Barriers to Innovation

The preliminary report talks about the various kinds of barriers to innovation adoption (p46). The key ones are (remembering that these are to do with health, not just e-health):

• workforce barriers – loss of ownership; professional/cultural barriers; lack of training;
• patient / person barriers – cultural acceptance, training, mobility of solution;
• organisational barriers – no realistic business model; procurement; lack of planning; inadequte information systems; lack of system interoperability; lack of coordination of authorities;
• economic and legal barriers – lack of investment in infrastructure; prices; lack of retail market; payment models;
• lack of political support – lack of political buy-in;
• lack of evaluation.

Quite a few of these impede the adoption of the innovations of openEHR, and other similarly powerful approaches.
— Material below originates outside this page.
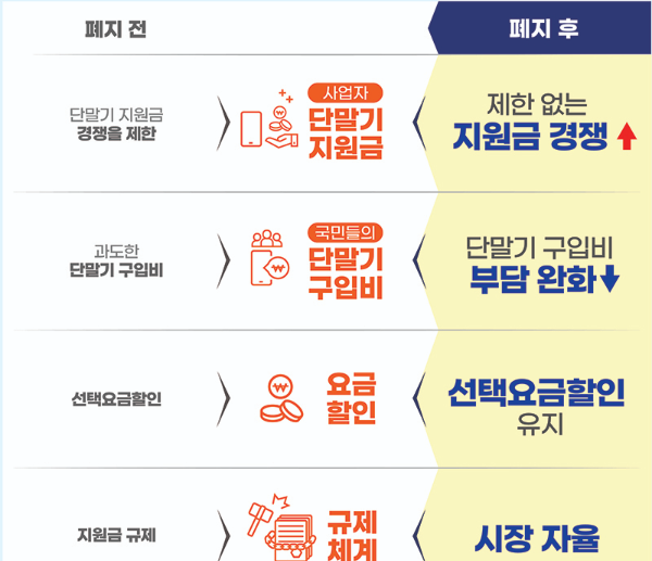 -지원금 공시의무 및 추가지원금 상한 폐지: 이동통신사의 단말기 지원금 공시의무와 유통점의 추가지원금 상한이 폐지되어, 사업자 간 지원금 경쟁이 활성화될 수 있는 여건이 조성됩니다.

Today I would say we are still stuck in a paralysis of various factors, all of which the EC could help with the following.

• The EHR still isn’t solved in Europe, but EC funding frameworks act as if it is. This is the single biggest problem in all current EC funding programmes for e-health, including Horizon 2020. because making nearly everything else work relies on a working EHR.
• Bureaucrats need a technology update: we are now way past needing hand-rolled message definitions or web APIs for clinical content, but current activities and funding still focus on these outdated approaches.
• There is only limited visibility at the political level of the platform concept, even though the entire tech world is now shifting to it. Making progress in e-health for Europe relies on using this concept at all levels, including policy.